Not being able to imagine a painless way out of the dilemma of paper currencies without a backing with some real values like gold and silver I fear the day when the whole world will rush to the exit. All those dollars nobody will want any more will create the yet unknown scenario C which will make the 1930's depression look like like a bee-sting compared to the pain in our ripped open chests we will experience.


John Trudgian said...

Senario B is closer than you may think.

The western economies, including US, Europe, Japan just can't handle higher rates. The central banks can talk tough - but they have little amunition left.

We are probably closer to the end of the raising cycle than the beginning. In the US, a couple taps on the rate and the housing market falls over.

In Europe 12% unemployed is not a good starting point for a hard currency.

Better not even mention the Bank of Japan's "helicopter money" - nobody even listens to them anymore.

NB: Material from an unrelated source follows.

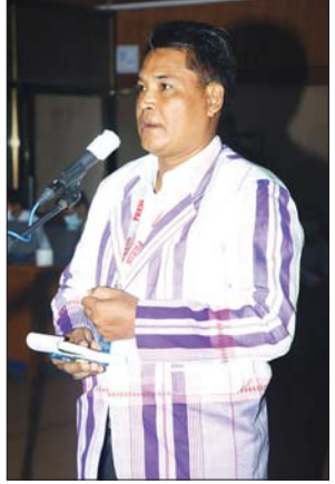
ဦးဇော်မင်းဦး

လျှပ်စစ်စွမ်းအားဝန်ကြီးဌာနမှ တာဝန်ရှိသူတစ်ဦးက လျှပ်စစ် စွမ်းအားဝန်ကြီးဌာန၊ တိုင်းဒေသကြီး/ပြည်နယ်၊ ရန်ကုန်၊ မန္တလေး သုံးခုသည် ဓာတ်အားရောင်းချခြင်း၊ ပြန်လည်ကောက်ခံခြင်းလုပ်ငန်း များကို လုပ်ပါကြောင်း၊ လစဉ် ၁ ရက်နေ့တွင် မိတာဘေလ်ဖတ်ခြင်း၊ မိတာဘေလ်ထုတ်ခြင်း၊ မိတာခကောက်ခံခြင်းလုပ်ငန်းများကို လုပ်ပါ ကြောင်း၊ သို့သော်လည်း အခြေအနေအရပ်ရပ်ကြောင့် ငွေကောက်ခံ သည့် နေရာတွင် နှောင့်နှေးရသည်များရှိပါကြောင်း၊ မိမိတို့အနေဖြင့် ကြိုးစားကောက်ခံသော်လည်း လစဉ်အကြွေးကျန်သည်များရှိပါ ကြောင်း၊ ကျန်ခဲ့သည့်လများအတွက် စီမံချက်များဖြင့် ကောက်ခံသည့် လုပ်ငန်းများ ဆက်လုပ်ပါကြောင်း၊ အကြွေးကျန်သည့် ကိစ္စများတွင် အကြောင်းအမျိုးမျိုးကြောင့် မဆောင်နိုင်သည့် ကိစ္စများလည်းရှိပါ ကြောင်း၊ ကျန်ခဲ့သည့် အကြွေးကျန်များကို မိမိတို့ထံ လာဆောင်သည့် အခါတွင် ပြန်လည်စိစစ်ပြီး တိတိကျကျလုပ်ဆောင်နိုင်ရန်အတွက် ညွှန်ကြားချက်များလည်း ထုတ်ထားပါကြောင်း၊ တချို့နေရာများတွင် အနည်းငယ်လွဲနေနိုင်သည်များရှိပါက လိုအပ်သည့် နေရာများတွင် လိုအပ်သကဲ့သို့ ညွှန်ကြားချက်များထုတ်ပြီး ကူညီဆောင်ရွက်ပေး မည်ဖြစ်ကြောင်း၊ မီးသုံးစွဲသူများကလည်း မိတာခများကို ပုံမှန် ပေးဆောင်ပါက ပြည်သူများပို၍ မီးမှန်မှန်ကန်ကန် ရသွားမည်ဟု ဖြည့်စွက်ဖြေကြားသည်။

Greenspan's problem is avoid the Japanese syndrome - He has to get the rate high enough that he can make some sort of an impact when when he has to put it down again.

Now that the EU ministers have officially debased their currency - recent shredding the stability pact - Gold is by default the only game in town for those who desire a hard currency.

How long before markets react - as always a catlyst is required. A spectacular corporate default? - AIG, GM or Fannie May.

Watch this space ...

07 April, 2005 17:41

Well, I do not really imagine this is likely to work.